Replacing Hardware

If you need to replace a node in your Humio cluster, for whatever reason, you have options.

About cluster node identity

A cluster node is identified in the cluster by it’s UUID. The UUID is automatically generated the first time a node is started, and stored in $HUMIO_DATA_DIR/cluster_membership.uuid. When moving or replacing a node, you can use this file to ensure a node rejoins the cluster with the same identity.

Examples

This guide assumes a rather basic hardware and network setup. If you are using SANs, Blue-Green Deployment, or other advanced techniques, you can use this as a reference for those more advanced configurations.

The node will continue operating with the same storage

If the node will continue to run on the same storage, meaning it keeps its data directory, all you will need to do is to ensure that the node is not a Digest Node before shutting down the node:

  1. Assign another node to any Digest Rules where this node is assigned.

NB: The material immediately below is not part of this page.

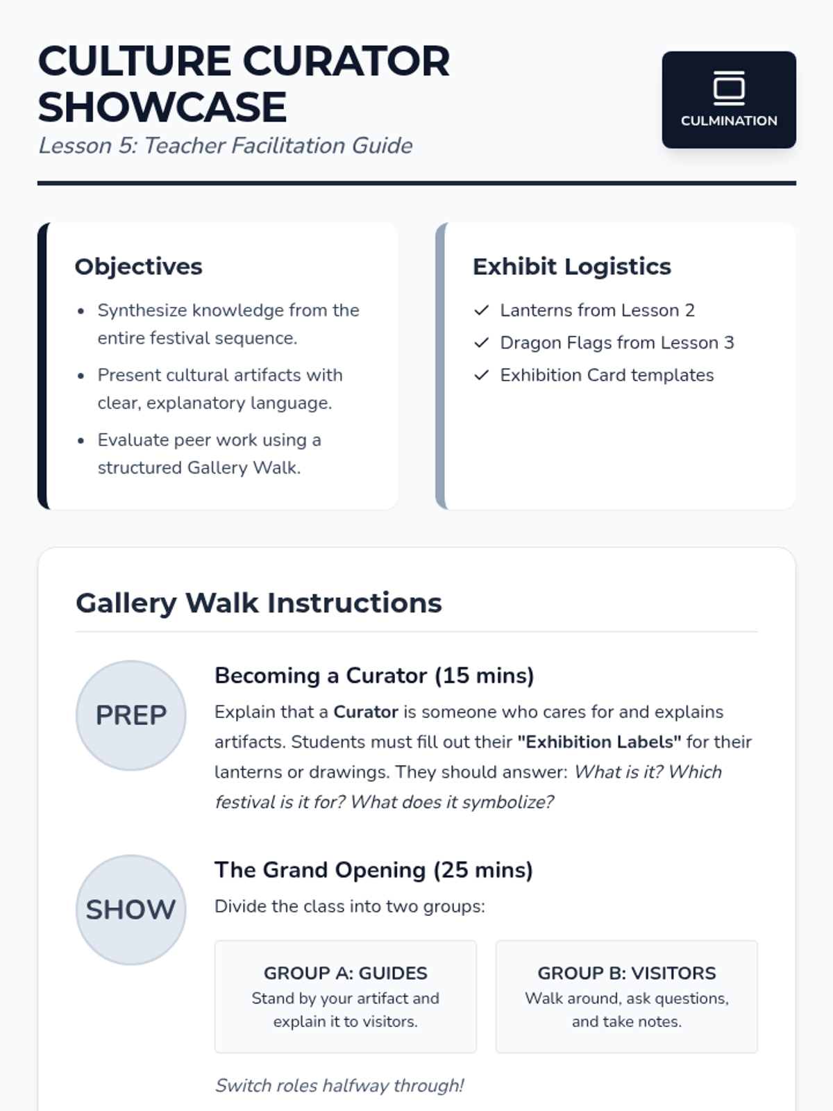 A 5-lesson journey into major Chinese festivals, exploring legends, symbolism, and communal values through storytelling, crafts, and collaborative exhibitions.

    This can be done using the Humio’s Management Cluster UI. You can read more about un-assigning digest in the section about removing a node.

  2. Shutdown the Humio process on the node.

    At this point you can see the node being unavailable in the Cluster Management UI.

  3. Replace the hardware components.

  4. Start the Humio process.

    Your node should rejoin the cluster after a short time, and you will see the node become available in the Cluster Management UI.

  5. Reassign the Digest Rules (if you unassigned any in Step 1).

The node will use a new storage unit (slow recovery)

You are moving the node to different machine, or installing a new disk or SSD.

There are two requirements that must be fulfilled:

If your cluster has multiple replicas of data (replication factor >= 2) and it is acceptable for the cluster to be in a state of lower replication while the new hardware is being provisioned.

You must also make sure that the node does not contain any data for which it is the sole owner (this can occur if you have archive divergence ).

You can check this in the Cluster Management UI, indicated by red numbers in the Size column.

In this case, the cluster can self-heal once the node reappears. It will discover that the node is missing data it was expected to have and will start resending it.

  1. Make a copy of the Node UUID file.

    While you won’t have to copy all the data on the node you must make a backup of the Node UUID file.

    It is located in $HUMIO_DATA_DIR/cluster_membership.uuid; you will be copying it to the new data folder on the new storage unit.

  2. Assign another node to any Digest Rules where this node is assigned.

    This can be done using the Humio’s Management Cluster UI. You can read more about un-assigning digest in the section about removing a node.

  3. Shut down the Humio process.

  4. Copy the Node UUID file from step 1 into the node’s data folder.

  5. Start the Humio process using the new storage.

    Your node should rejoin the cluster after a short time, and you will see the node become available in the Cluster Management UI.

    The other nodes will start resending the missing data that is missing, and the Too Low segment of the replication status in the header will initially be high, but will begin dropping as data is replicated.

  6. Reassign the Digest Rules (if you unassigned any in Step 2).

The node will use a new storage unit (quick recovery)

If you are moving the node to a new storage unit and have hard replication requirements, or your cluster is only storing data in one replica, you cannot use Slow Recovery.

To limit the downtime of your node you should copy node’s data directory before and shutting down the original node. This will ensure you only have to copy the most recent data when the node is taken offline.

  1. Use RSync or similar to copy the data directory to the new storage (this includes the UUID File).

  2. Assign another node to any Digest Rules where this node is assigned.

    This can be done using the Humio’s Management Cluster UI. You can read more about un-assigning digest rules in the section about removing a node.

  3. Reassign any archive rules to other cluster nodes.

    This can be done using Humio’s Management Cluster UI. You can read more about un-assigning archive rules in the section about removing a node.

  4. Shut down the Humio process.

  5. Rerun RSync or similar to copy the most recent data to the new storage.

  6. Start the Humio process.

    Your node should rejoin the cluster after a short time, and you will see the node become available in the Cluster Management UI.

  7. Reassign the Digest Rules and Archive Rules (if you unassigned any in Step 2 and 3).

Storage malfunctions and you’re running with no replication or the node had data not found on other nodes

In the case where storage cannot be recovered, there are two options:

  1. Restore the node from backup if you have that enabled. See Restoring from Backup.

  2. Forcibly remove the node from the cluster. Any data that was not stored in multiple replicas will be lost. See Force Remove a Node.